Sudo pcs property set cluster-recheck-interval=2min

Configure the cluster properties start-failure-is-fatal

All releases that include RHEL 7. 3 and 7. 4, using the latest available Pacemaker package 1.1.18-11.el7, describe the behavior changes when the cluster is configured with start-failure-is-fatal as false. It affects the failover workflow. If service disruption occurs in the primary replica, the cluster should fail over to one of the available secondary replicas. Instead, the user will notice that the cluster has been trying to start the failed master copy. If the primary replica will never be online (due to a permanent outage), the cluster will never fail over to another available secondary replica.

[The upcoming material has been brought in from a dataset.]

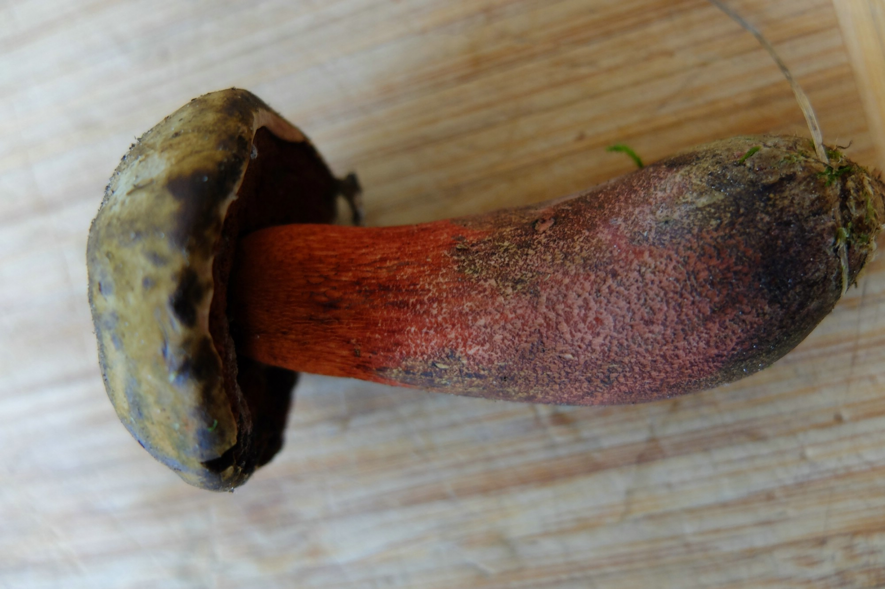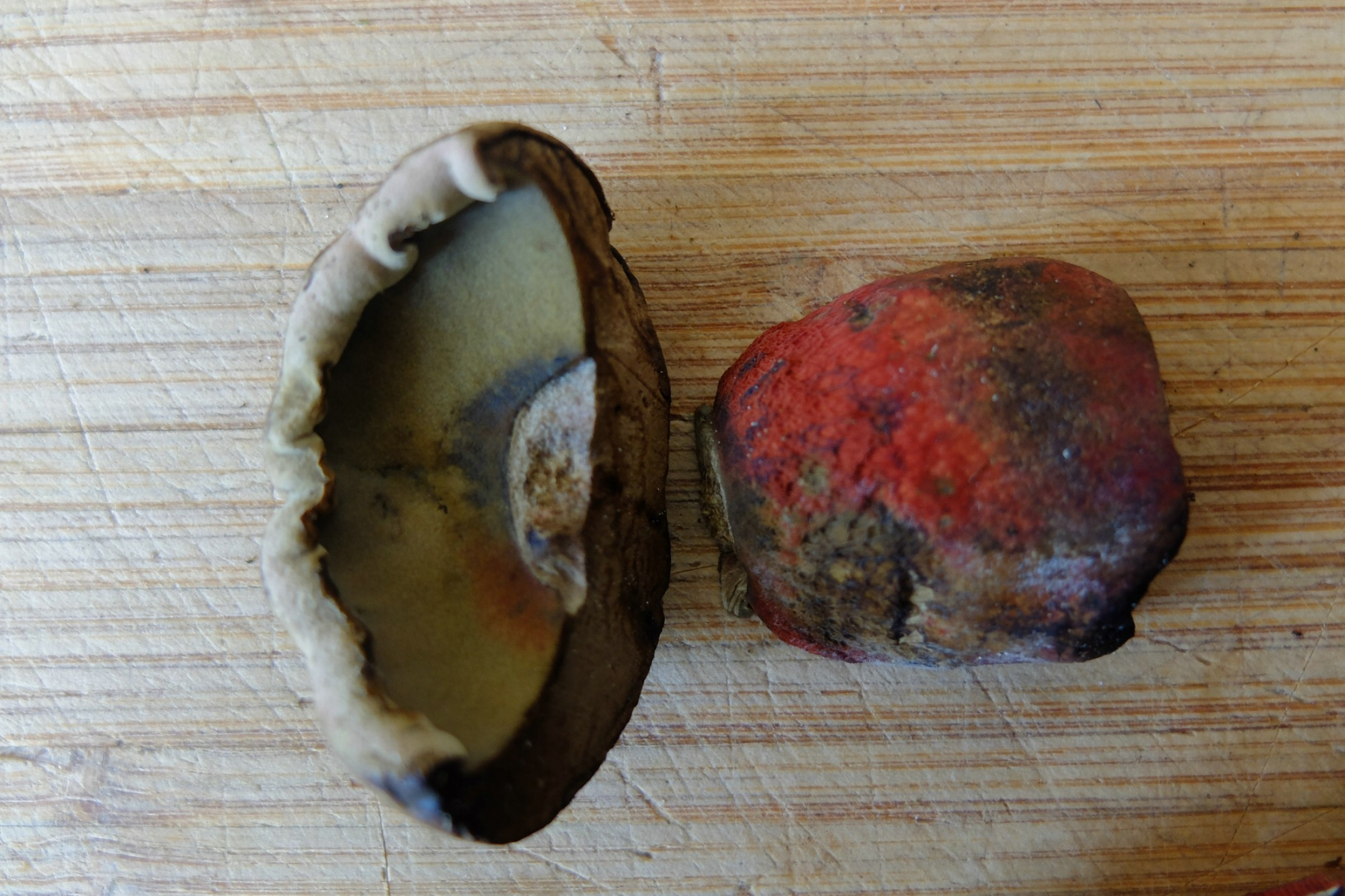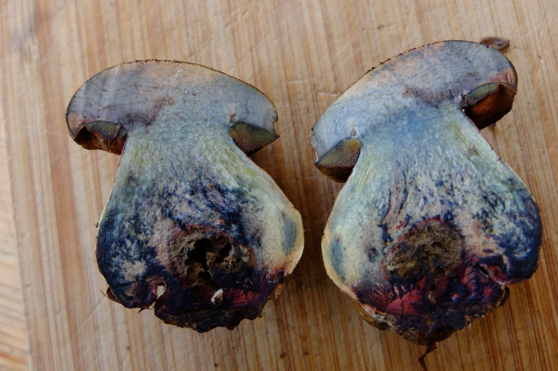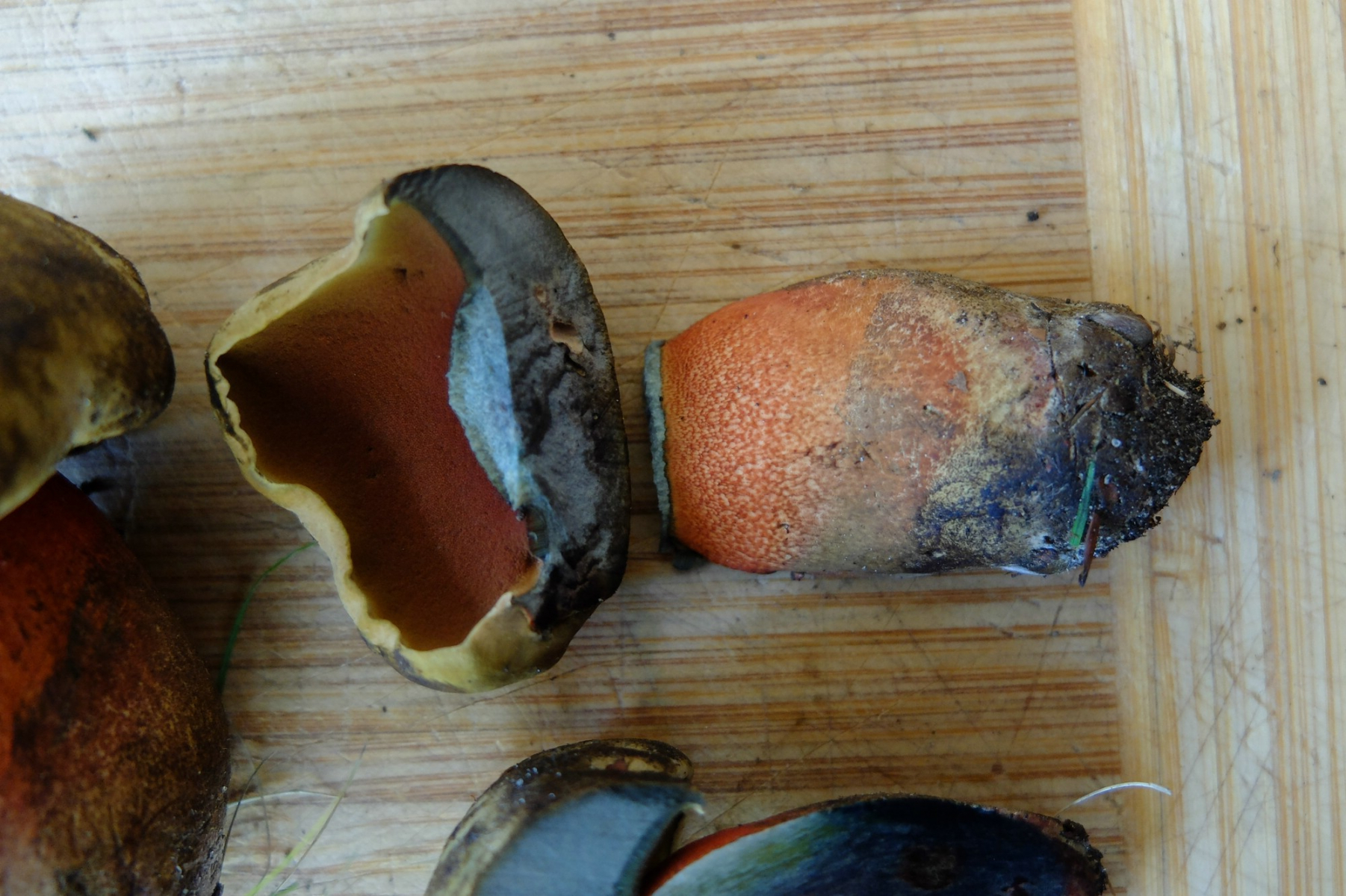 Also, für mich ist das Suillellus mendax. Der hat - genau wie Boletus (jetzt auch Suillellus, glaube ich?) queletii eine weinrote Stielbasis, und eben diese Kombination aus Netz und Flocken. Hutfarbe sollte auch hinkommen, etwas heller als bei Flockis. Blauen auf dem Hut kommt auch hin. Bei dem Röhrenboden müsste ich auch nochmal genauer gucken, das habe ich so schnell nicht gefunden.

Because of this change, the previously recommended configuration for start-failure-is-fatal is no longer valid, and the configuration needs to be restored to its default value of true.

Sudo pcs property set start-failure-is-fatal=true

In addition, the AG resource needs to be updated to include the failover-timeout attribute.

Use the following script to update the failover-timeout property of the ag1 resource to 60s:

Pcs resource update ag1 meta failure-timeout=60s

Welcome to subscribe "Shulou Technology Information " to get latest news, interesting things and hot topics in the IT industry, and controls the hottest and latest Internet news, technology news and IT industry trends.

*The comments in the above article only represent the author's personal views and do not represent the views and positions of this website. If you have more insights, please feel free to contribute and share.